A residence that folds into the contours of a hillside through its undulating wood and steel structure

Fold House is a residential property in Southern Ontario that folds into the contours of a hillside through its undulating wood and steel structure. The two-story residence by Partisans is concealed through the land’s topography with the pool pavilion nestled into the lower part of the hill and features an eighty foot long by ten foot tall sliding glass facade that provides sweeping views from a burrowed vantage point.

The undulating structure disguises the ninety-foot steel structural beam that creates a cantilevered canopy making the front of the pavilion appear as though it is floating.

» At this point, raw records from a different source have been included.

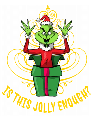 A cartoon illustration of the Grinch with the words 'IS THIS JOLLY ENOUGH?'.
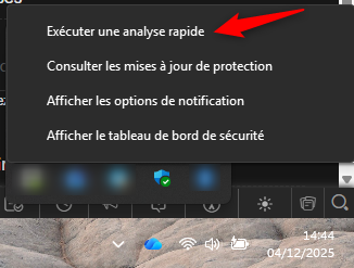 2- Faites un clic droit, un menu apparait, cliquez sur "Exécuter une analyse rapide"
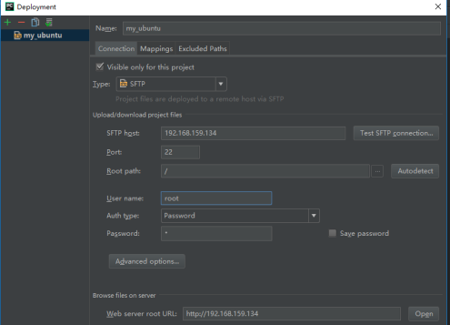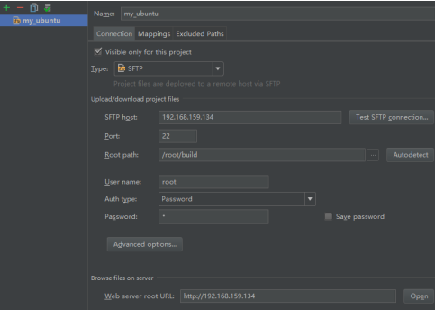 然后会打开这个界面,随便起个名字,type选择SFTP.
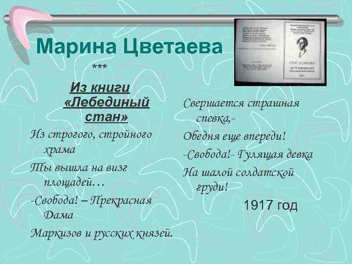 Марина Цветаева *** Из книги «Лебединый стан» Из строгого, стройного храма Ты вышла на визг площадей… -Свобода! – Прекрасная Дама Маркизов и русских князей. Свершается страшная спевка, Обедня еще впереди! -Свобода!- Гулящая девка На шалой солдатской груди! 1917 год
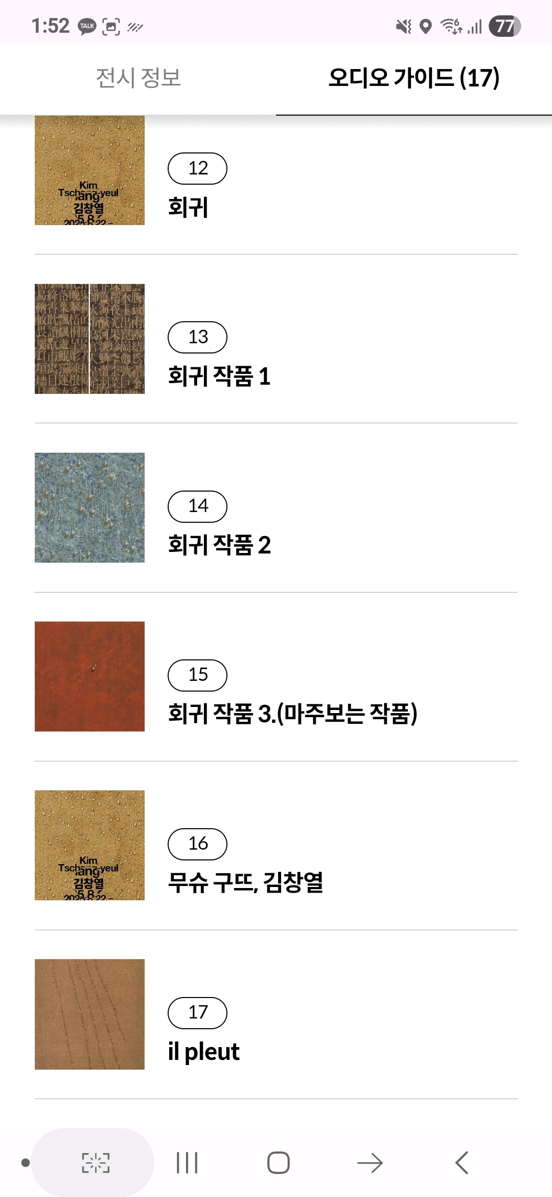 다만 국립현대미술관 앱에서 김창열 전시회 오디오가이드는 무료로 이용이 가능합니다. 총 17개 클립으로 내용은 충실합니다. 오디오가이드 청취 위한 이어폰 챙기세요.
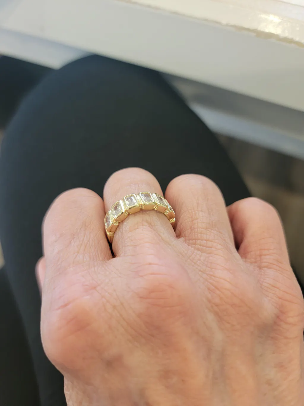 Bring some sparkle to your style with our 18k Gold Filled Thin Line CZ Ring. This stackable ring is perfect for adding a touch of elegance to any outfit. The minimalist design and sparkling Cubic Zirconia will catch everyone's eye and leave you feeling confident and stylish.
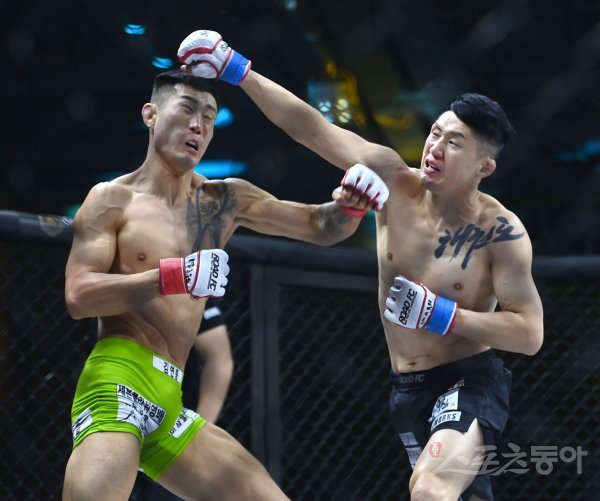 18일 서울 서대문구 스위스 그랜드 호텔 서울에서 ‘굽네 ROAD FC 062’ 가 열렸다. 밴텀급 타이틀전에서 장익환(완쪽)과 문제훈이 경기를 펼치고 있다.
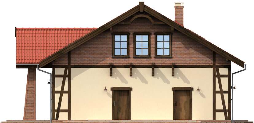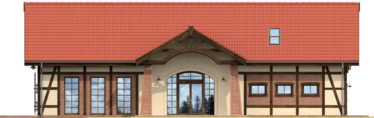 Projekt restauracji w stylu rustykalnym. Budynek jest energooszczędny, a dzięki prostej bryle również ekonomiczny w realizacji. Na parterze znajduje się przestronna i jasna sala główna oraz znakomicie rozplanowane zaplecze, w którego skład wchodzi kuchnia, niezbędne pomieszczenia techniczne oraz sanitariaty. Na piętrze zaplanowano pomieszczenia biurowe oraz pracownicze.
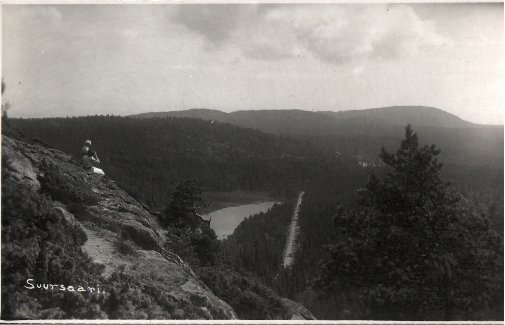 Postikortti Suursaari - Hogland Haukkavuori ja sen eteläpuolella sijaitseva Liivalahdenjärvi - retkellä Haukkavuoren rinteellä ? k. G. Salonen Sähkövalokuvaamo Kotka
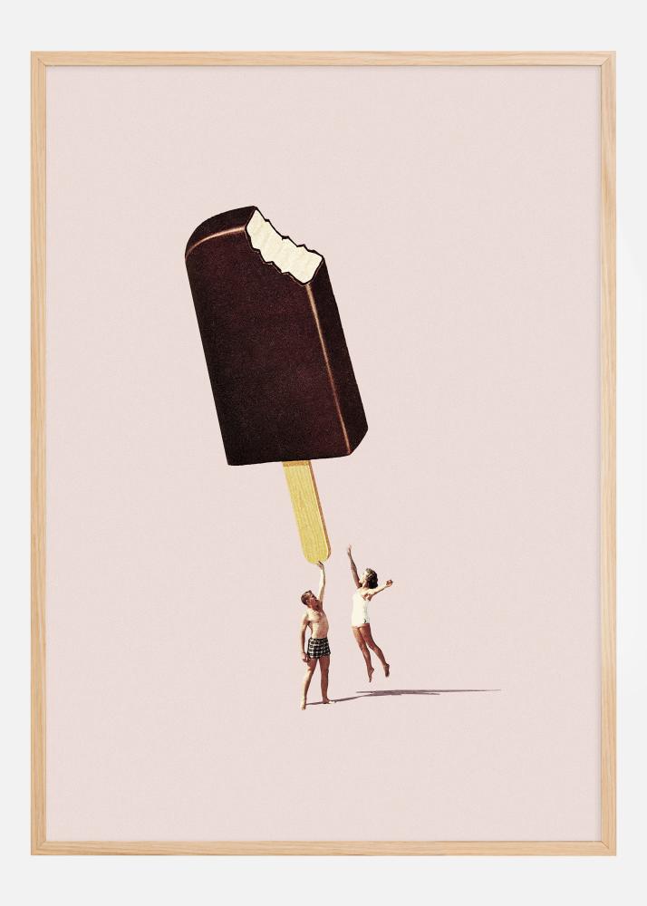 Acest poster fermecător prezintă o imagine unică și jucăușă a două persoane care par să fi găsit o înghețată gigantă pe băț! Cu o compoziție plină de imaginație și un fundal cald roz pastel, această imagine oferă o senzație de bucurie estivală și nostalgie. Figurinele vesele, îmbrăcate în costume de baie simple, se întind după înghețată, care are un aspect realist cu o mușcătură scoasă, creând un contrast încântător cu mediul minimalist. Această scenă creativă și vibrantă captează atenția privitorului și trezește amintiri ale zilelor însorite.

The facade and interiors deploy compression-bent wood, an artisanal fabrication technique typically used on furniture and musical instruments, and rarely deployed at this scale.

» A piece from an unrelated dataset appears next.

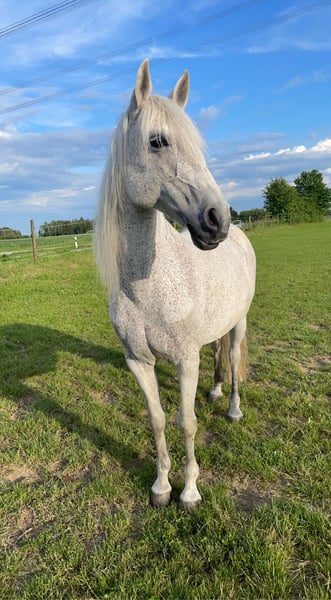 Liebe Pferdefreunde, Ich suche eine neue Heimat und einen neue Besitzer für meine Stute Bella, da ich ihr zeitlich nicht mehr gerecht werden kann. Bella ist eine 18-jährige Lusitano-Mix-Stute (Fliegenschimmel) mit einem Stockmaß von ca. 1,50 m. Bella ist ein liebevolles, feinfühliges und arbeitswilliges Pferd, das eine enge Bindung zu ihrem Menschen aufbaut. Mit Vertrauen und Sicherheit kann man sehr viel mit ihr erreichen. Sie ist an Hunde gewöhnt und geht gerne spazieren oder ausreiten. Außerdem liebt sie Horsemanship und Bodenarbeit, sie arbeitet also gerne sowohl in der Halle, als auch im Gelände. Bella ist offen für neue Aufgaben und Disziplinen (z. B. Dressurübungen, Working Equitation). Sie ist ideal für jemanden, der eine partnerschaftliche Beziehung zum Pferd pflegt und sich Zeit für sie nimmt. Durch Bodenarbeit konnte ich unsere Bindung sehr vertiefen. Sie braucht jemanden, der ihr Zeit, Vertrauen und klare, liebevolle Führung schenkt. Bella freut sich über einen Platz, an dem sie geistig und körperlich gefördert wird. Zubehör (Sattel, Trense, Halfter usw.) ist im Preis inbegriffen. Bei ernsthaftem Interesse oder weiteren Fragen freue ich mich über eine Nachricht! 🐴🤍
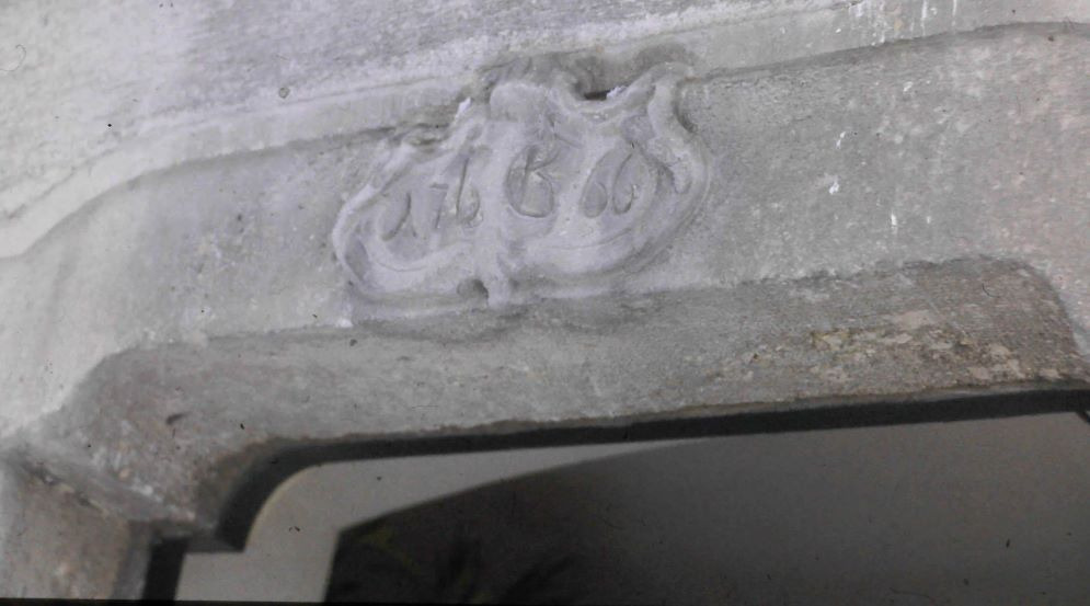 Portál nad vchodom do vily s datovaním 1766 a iniciálkami BB. Foto: autorka

The roof has a significant wave-like curvature that is visually striking from the exterior of the building as well as from the inside of the pool room opens space to cradle the cascading external steel staircase and creates a sculptural slope in the white oak ceiling of the pool room. To minimize environmental impact and follow the Niagara Escarpment’s regulations, a 3D scan was performed to finetune the structure’s positioning. The green roof blurs the distinction between landscape.

In order to maximize sunlight in all seasons and reduce solar gain in the summer, the windows are structured in a checkerboard pattern along the guest houses and the pool room features south-facing glazed sliding doors with deep overhang.